Shârazad rentra quelques heures plus tard en portant de quoi travailler pour le reste de la semaine, avant d’étaler le tout par terre et de plier soigneusement les futures voiles.
- C’était sympa aujourd’hui. Jia Baoyu m’a montré comment monter sur le toit des bâtiments de la place et on a mangé des abricots secs. C’est Marina qui nous les a donnés, et puis elle nous a traités de petits merdeux, je crois qu’elle nous aime bien. Jia l’aide de temps en temps sur le bateau.
Elle empila soigneusement les voiles et posa les futurs cordages parfaitement enroulés au-dessus.

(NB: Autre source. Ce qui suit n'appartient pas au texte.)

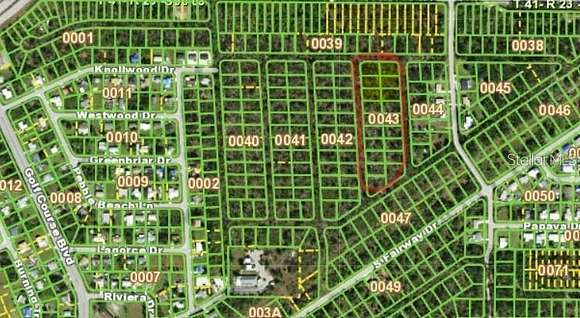 The Tee & Green Estates neighborhood has been partially developed with some older and some brand new houses on the west side. While thisbeautiful double lot is in the undeveloped area of the neighborhood, it sits only 1 block from paved streets and electricity. Once streets are laid inthis area it will be ready for building. This area is Flood Zone X, so you won't have to raise the elevation at build time and flood insurance won'tbe required. A double lot provides extra room to build your new home in paradise, and provide plenty of space to park your boat/trailer to takeadvantage of the amazingly diverse boating paradise we live in here. Or build on one lot and sell the other. Or build two houses and rent one outand live in one. Plenty of room to build a multi-generational family compound. No HOA or deed restrictions to comply with, just county buildingcodes for single family homes. This area is outside of the center of town, yet it is close to everything Punta Gorda has to offer: amazingrestaurants, boutique shopping, art galleries, parks for festivals, and a vibrant waterfront. Being close to an entrance to I-75 provides easyaccess to the entire SW area of Florida. This owner is selling this double lot and 2 other single lots on the same block. (MLS D6135582 &D6135583). Buy all 4 lots for $40k for a great investment in this future area.

- Sinon un petit a failli se faire attraper en prenant des saucisses. On a dû courir un peu. On est passés voir Jésus aussi, c’est drôle comme il écoute, on dirait qu’il comprend tout et qu’il sait toujours ce qu’il faut dire.
Elle fit la moue en voyant les morceaux de fil qui jonchaient le sol, traversa le salon et prit le balai.
- Les prostituées ont voulu me donner un vêtement aujourd’hui, mais il faut toujours refuser. Les gens de la Garde avaient l’air agité et le fils de Soundiata est malade… Mmh, qu’est-ce qui s’est passé d’autre, aujourd’hui… Non, rien. Je crois que Jia Baoyu a des soucis, mais je vais attendre encore un peu avant de lui poser des questions.
Elle avait des mouvements gracieux en passant le balai.
- Constance ?
J’étais toujours dans mon fauteuil et je la regardais.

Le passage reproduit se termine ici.